_Exercise details:_
In the listing below, a line holding "Sweden. Face value." and a line holding "Made of strong" mark the range. Retype both exactly, with all lines between them.

_The records:_
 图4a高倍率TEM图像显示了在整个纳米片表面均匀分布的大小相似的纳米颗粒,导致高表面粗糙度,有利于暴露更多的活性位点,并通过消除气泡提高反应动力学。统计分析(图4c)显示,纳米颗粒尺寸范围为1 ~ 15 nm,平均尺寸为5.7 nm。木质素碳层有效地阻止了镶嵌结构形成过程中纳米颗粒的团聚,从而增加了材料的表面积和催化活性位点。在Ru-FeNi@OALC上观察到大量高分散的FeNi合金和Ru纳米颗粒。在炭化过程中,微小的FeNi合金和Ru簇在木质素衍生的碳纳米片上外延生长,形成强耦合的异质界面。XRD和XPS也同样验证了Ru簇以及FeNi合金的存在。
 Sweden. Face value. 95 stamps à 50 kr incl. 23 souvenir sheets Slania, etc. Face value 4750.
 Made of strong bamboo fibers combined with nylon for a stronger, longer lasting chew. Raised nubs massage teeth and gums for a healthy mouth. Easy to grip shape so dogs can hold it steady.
---
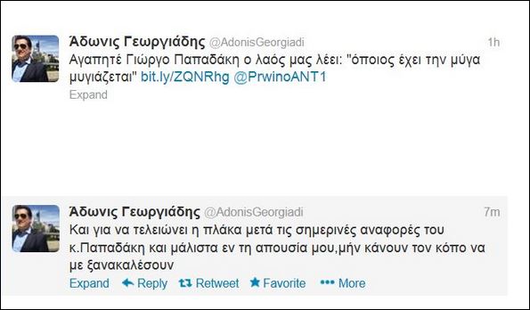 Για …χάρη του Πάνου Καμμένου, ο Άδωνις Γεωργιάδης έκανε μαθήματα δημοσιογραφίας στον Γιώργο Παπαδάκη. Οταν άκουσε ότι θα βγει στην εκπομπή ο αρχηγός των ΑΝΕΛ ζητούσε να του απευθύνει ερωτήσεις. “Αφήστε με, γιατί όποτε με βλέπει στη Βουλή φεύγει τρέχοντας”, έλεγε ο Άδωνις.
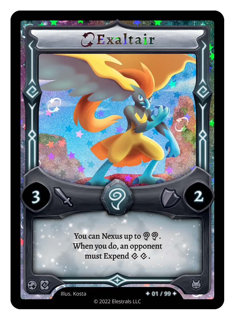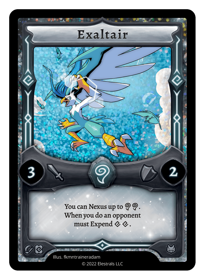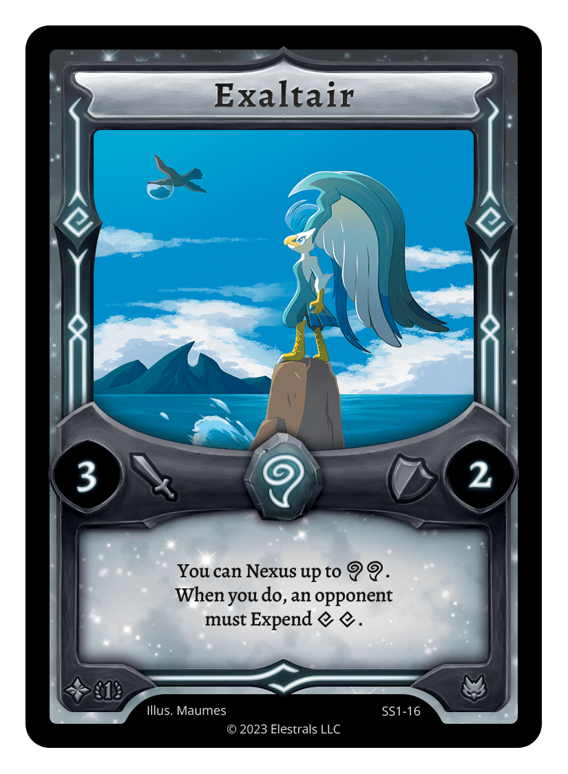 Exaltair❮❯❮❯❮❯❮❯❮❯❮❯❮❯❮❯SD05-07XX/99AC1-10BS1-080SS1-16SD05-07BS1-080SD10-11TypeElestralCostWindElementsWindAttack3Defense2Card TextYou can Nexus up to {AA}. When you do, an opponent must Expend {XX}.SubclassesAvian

_Your response:_
 Sweden. Face value. 95 stamps à 50 kr incl. 23 souvenir sheets Slania, etc. Face value 4750.
 Made of strong bamboo fibers combined with nylon for a stronger, longer lasting chew. Raised nubs massage teeth and gums for a healthy mouth. Easy to grip shape so dogs can hold it steady.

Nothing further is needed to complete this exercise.